Re: Panda ES board hang when using GPIO as interrupt

2012-06-28 Thread Franky Lin

On 06/28/2012 02:55 PM, Jon Hunter wrote:

Ok. Any way to manually reset the wlan module to deactivate the gpio
when it is hung? I am wondering if the gpio is deactivated if the board
comes back to life, indicating it is stuck in the interrupt somewhere.


The only way I can think of is removing the module manually. But it 
didn't bring the board back to live.



Well, at least that is consistent with what I see, but also perplexing
that it takes sometime to fail. Can you try the following as a debug
patch to see if it is in the context restore that is the problem. From
your testing and bisect, the only possible difference in the current
kernel is that it could perform the context restore when acquiring the gpio.
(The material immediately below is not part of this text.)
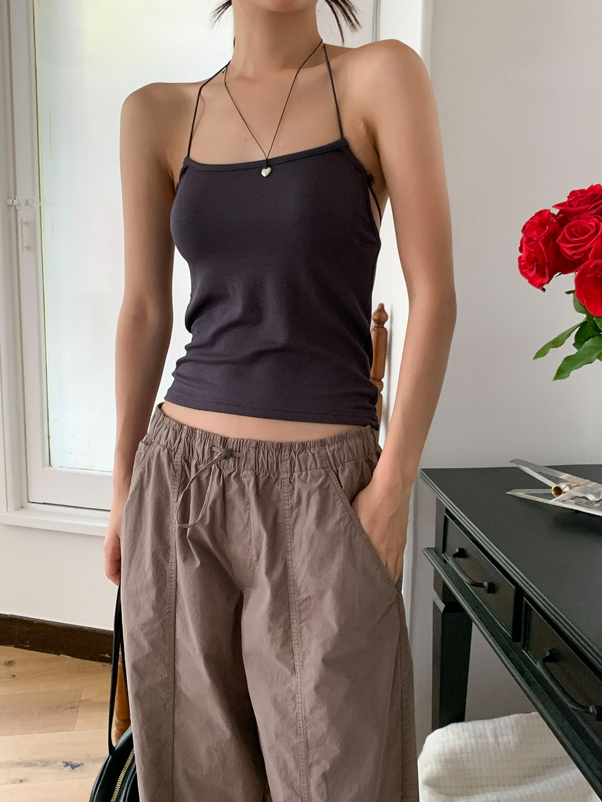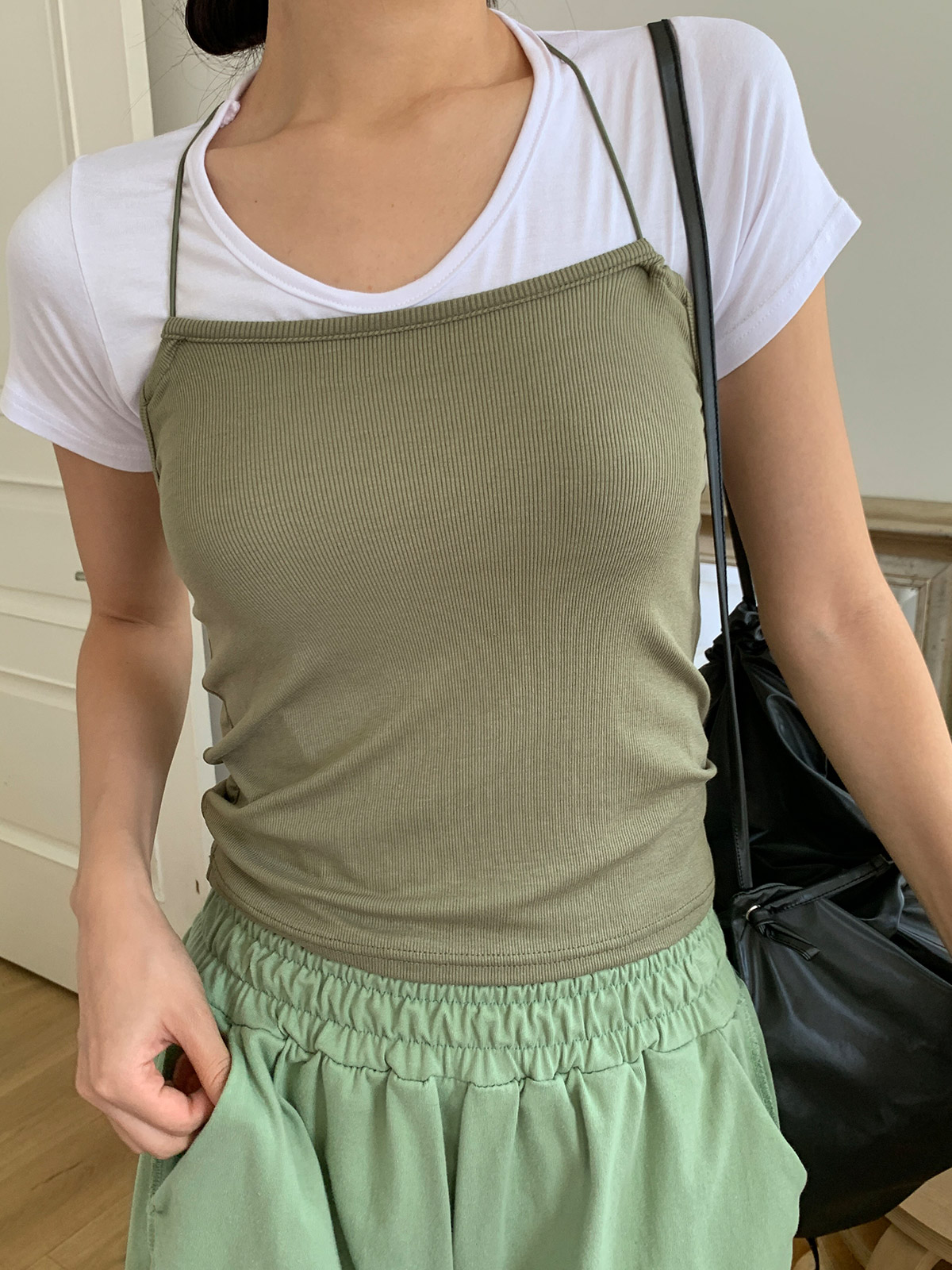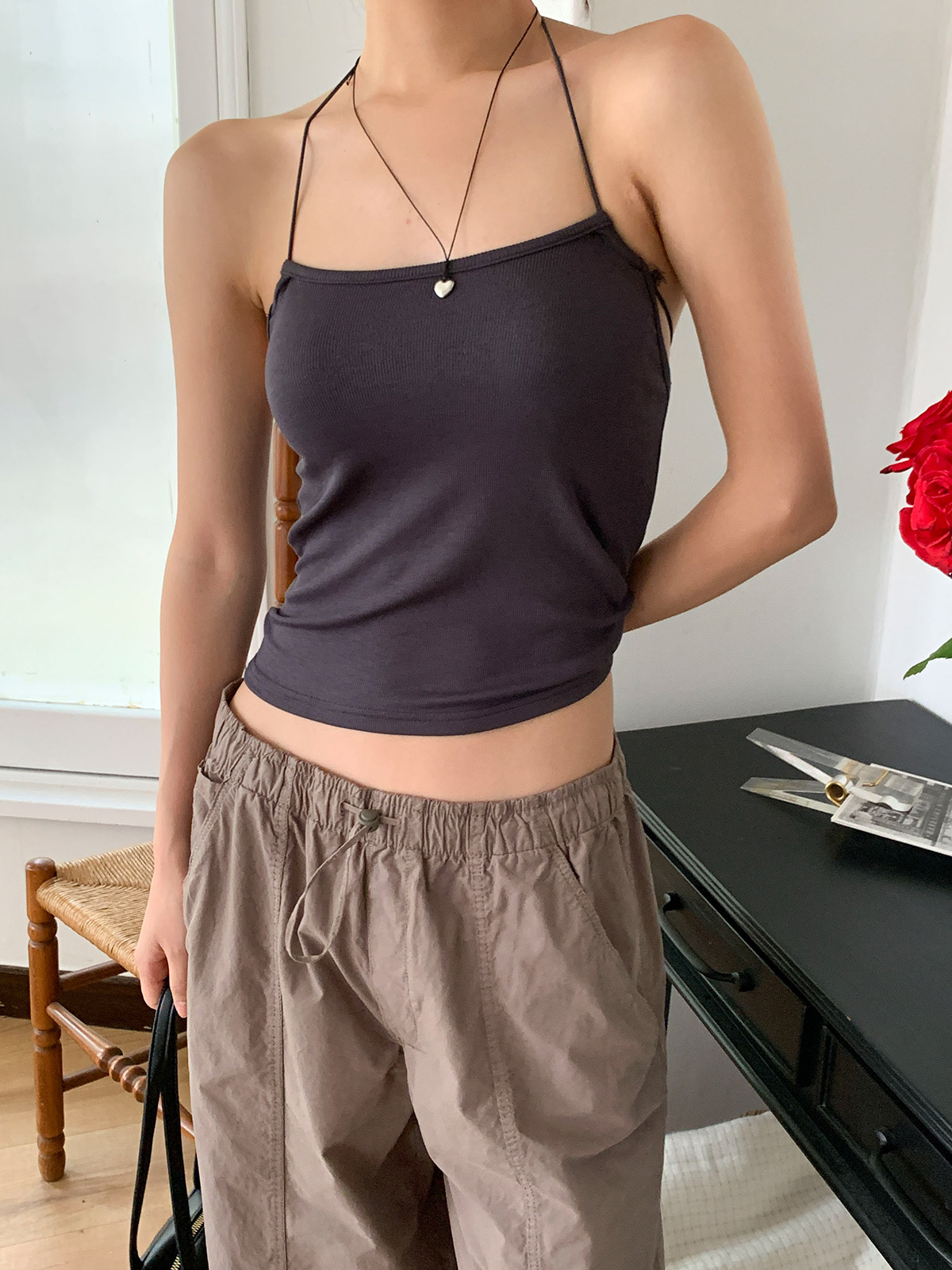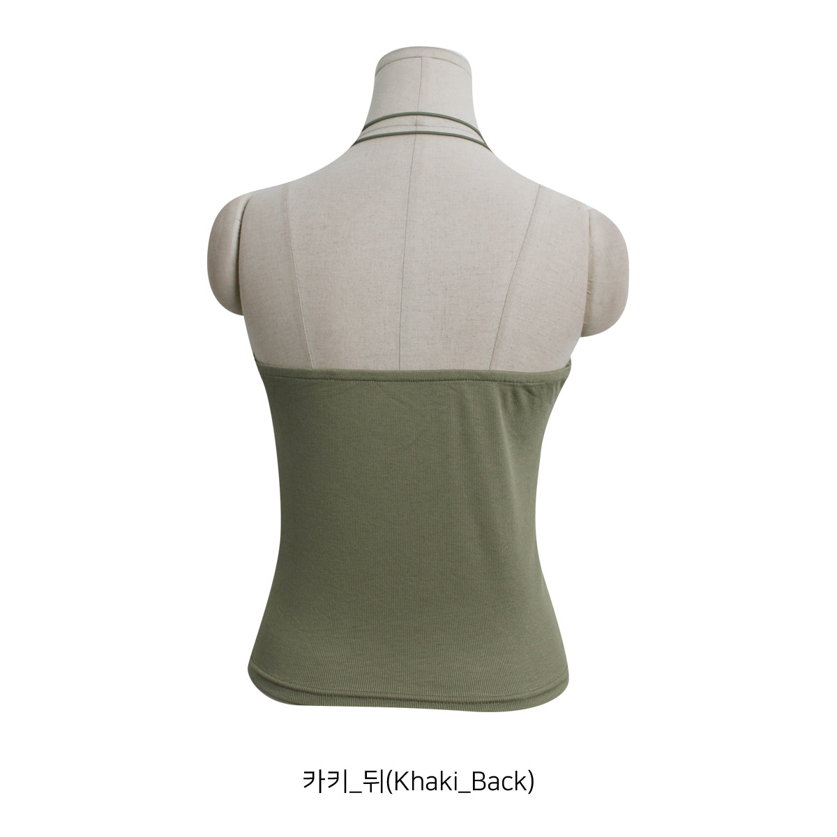 유니크한 더블 스트링 스트랩으로 디자인된 홀터넥 민소매 티셔츠

diff --git a/drivers/gpio/gpio-omap.c b/drivers/gpio/gpio-omap.c
index c4ed172..a2401bd 100644
--- a/drivers/gpio/gpio-omap.c
+++ b/drivers/gpio/gpio-omap.c
@@ -1341,6 +1341,8 @@ void omap2_gpio_resume_after_idle(void)
  #if defined(CONFIG_PM_RUNTIME)
  static void omap_gpio_restore_context(struct gpio_bank *bank)
  {
+   return;
+
 __raw_writel(bank->context.wake_en,
 bank->base + bank->regs->wkup_en);
 __raw_writel(bank->context.ctrl, bank->base + bank->regs->ctrl);



This one works! It can run more than 20 mins.
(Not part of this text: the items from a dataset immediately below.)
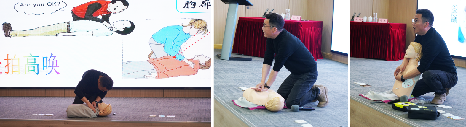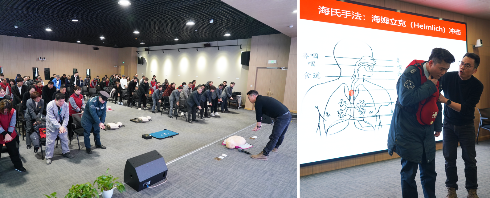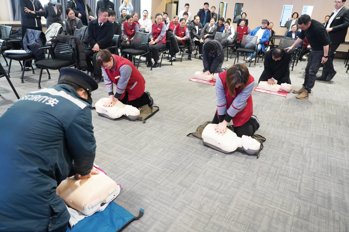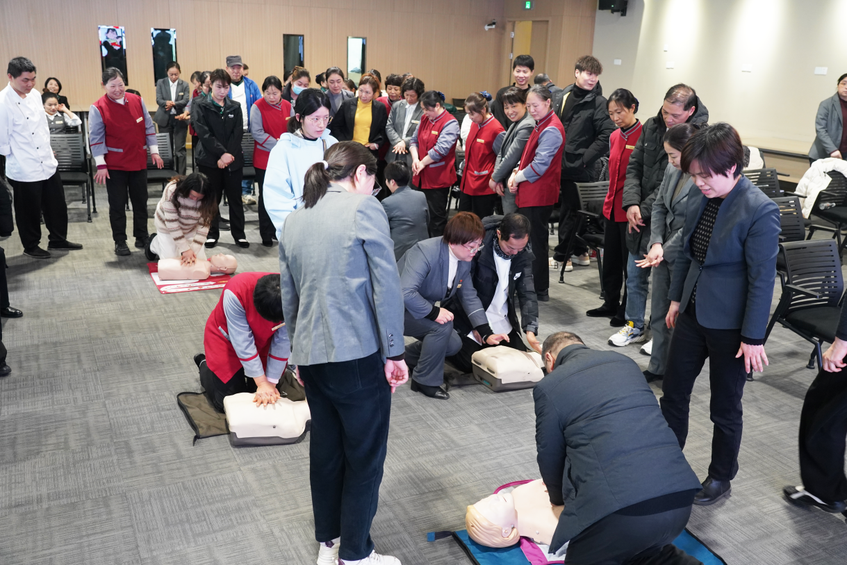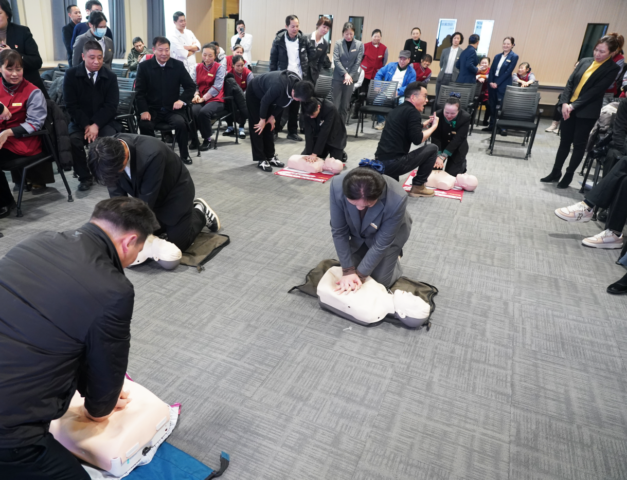 梁斌老师通过“示范-纠错-实操”三步教学法,指导员工利用人体模型进行胸外按压、人工呼吸及异物梗阻急救演练。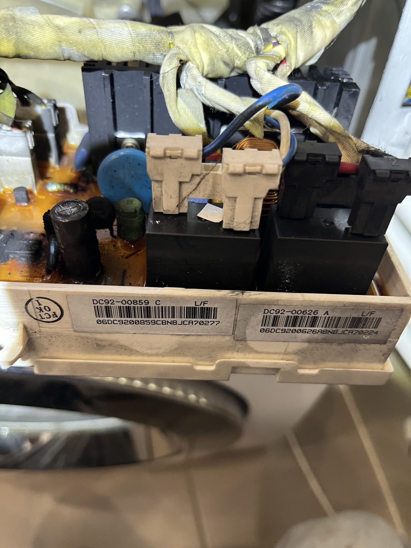 Ki kell csomagolni azt az elektronikát a kiöntő gyantát lekaparni és méregetni. Rajzot nem igen fogsz találni. A samsung híres a forrasztási hibákról. Még az is lehet, hogy csak el van repedve valahol. Általában a reléknél, táp IC nél, Motormeghajtó IC nél...... de lehet valami rossz érintkezés, kábeltörés is a vezetékekben.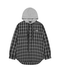 S.L CHECK ZIPPER HOODIE SHIRTS - BLACK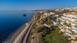 MAGNIFICENT BEACHFRONT APARTMENT WITH STUNNING VIEWS OF THE SEA, BEACH, MOUNTAINS AND THE AFRICAN COAST, FEATURING A SPACIOUS 77m² TERRACE. This property is located in the Estepona area, between Estepona town and the charming Puerto de la Duquesa — just a 5-minute drive from all kinds of amenities and several golf courses of varying levels, including the award-winning Finca Cortesín, consistently recognized as Spain’s best golf resort and host of prestigious tournaments such as the 2023 Solheim Cup and the Volvo Masters. Conveniently situated on the same level as the parking area, with direct access to the residence, the apartment also enjoys an elevated position (4th floor) above sea level from the terrace. Facing southeast, it offers panoramic sea views over beautifully landscaped gardens stretching all the way to Africa — the perfect setting to enjoy spectacular sunrises. The development is very well maintained, with spacious green areas and a large swimming pool. A garage parking space and storage room are included. We highly recommend a viewing — JUST LISTED!

I found one interesting thing. When I added the print info to see when 
runtime_suspend/resume get called, it seems like the suspend/resume is 
unbalance during boot. Resume got called more than suspend. So I hack 
the code to make sure suspend and resume are called in pair. A resume 
without suspend will do nothing and return immediately. This also makes 
the hang vanish.


Regards,
Franky


--
To unsubscribe from this list: send the line "unsubscribe linux-omap" in
the body of a message to majord...@vger.kernel.org
More majordomo info at  http://vger.kernel.org/majordomo-info.html


Re: Panda ES board hang when using GPIO as interrupt

2012-06-28 Thread Franky Lin

On 06/28/2012 08:42 AM, Jon Hunter wrote:


On 06/27/2012 07:41 PM, Franky Lin wrote:

On 06/26/2012 08:37 PM, Kevin Hilman wrote:

"Franky Lin"  writes:

I noticed Kevin raised some similar cases on other platforms and also
provided two patches in the patch mail thread. But unfortunately those
two patches doesn't help in our case. I tested the driver with 3.5-rc3
mainline kernel and the issue is still there. I can only "fix" the
hang by either reverting the commit or disabling
CONFIG_PM_RUNTIME. Also, the hang only happens on Panda ES board. Old
Panda with 4430 works good.

Any thoughts and suggestions?


If reverting the patch fixes your problem, can you isolate down to which
part of that patch causes the problem?  IOW, can you fix your problem if
you undo just the hunk added in runtime_suspend or undo just the moved
hunk runtime_resume?  Or is reverting both required?

I suspect the added runtime_suspend hunk is causing the problems, so can
you see if just undoing that part works[1].  If that works, I will give
a bit more of a thinking on it tomorrow.


runtime_suspend hunk is fine. The hang still exist after reverting it.
The culprit is the moved hunk in runtime_resume. Reverting it makes the
hang disappear.


Thanks. From reviewing the code the only thing that appears suspect based
upon your findings is the return if we find the context has not been lost.
We are not checking if "workaround_enabled" is set before we return.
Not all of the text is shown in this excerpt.